(STORED DATA)
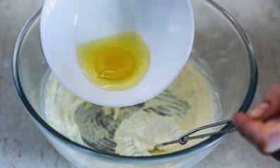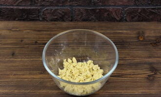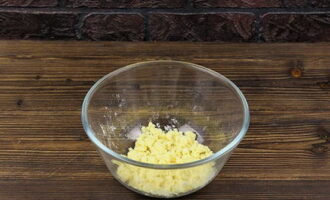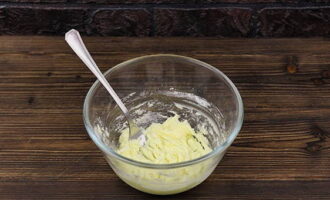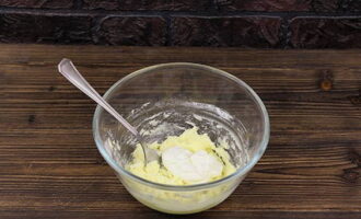 - Combineer gesmolten boter met suiker en ei apart. We malen de producten tot een gladde massa.
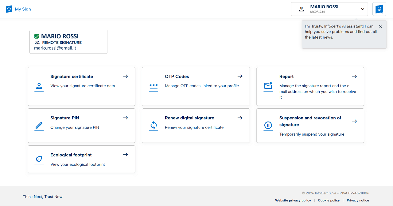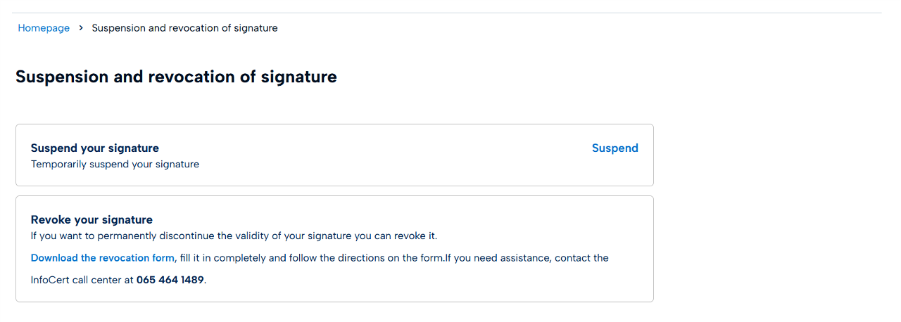 In this section you can temporarily suspend your signature or revoke it by permanently interrupting its validity.
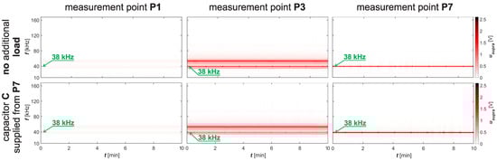Spectrograms of supraharmonics of phase voltages in the bandwidth 10–170 at measurement points P1, P3, and P7—supraharmonics generated by FEL supplied from network point P3, and UPS supplied from network point P6; capacitor C connected or not connected to network point P7.
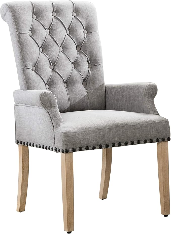 Dining Room Chairs with Arms,Tufted Upholstered High Back Nailed Trim with Untique Oak Wood Legs for Kitchen Restaurant Room Bedroom,Smoke Grey
(End STORED DATA)
ACTIVITY: Leaving the pictures aside, transcribe only the lines from the one containing "Spectrograms of supraharmonics" to the final line of the listing above, inclusive, exactly as they appear.

ANSWER TO THE EXERCISE:
Spectrograms of supraharmonics of phase voltages in the bandwidth 10–170 at measurement points P1, P3, and P7—supraharmonics generated by FEL supplied from network point P3, and UPS supplied from network point P6; capacitor C connected or not connected to network point P7.
 Dining Room Chairs with Arms,Tufted Upholstered High Back Nailed Trim with Untique Oak Wood Legs for Kitchen Restaurant Room Bedroom,Smoke Grey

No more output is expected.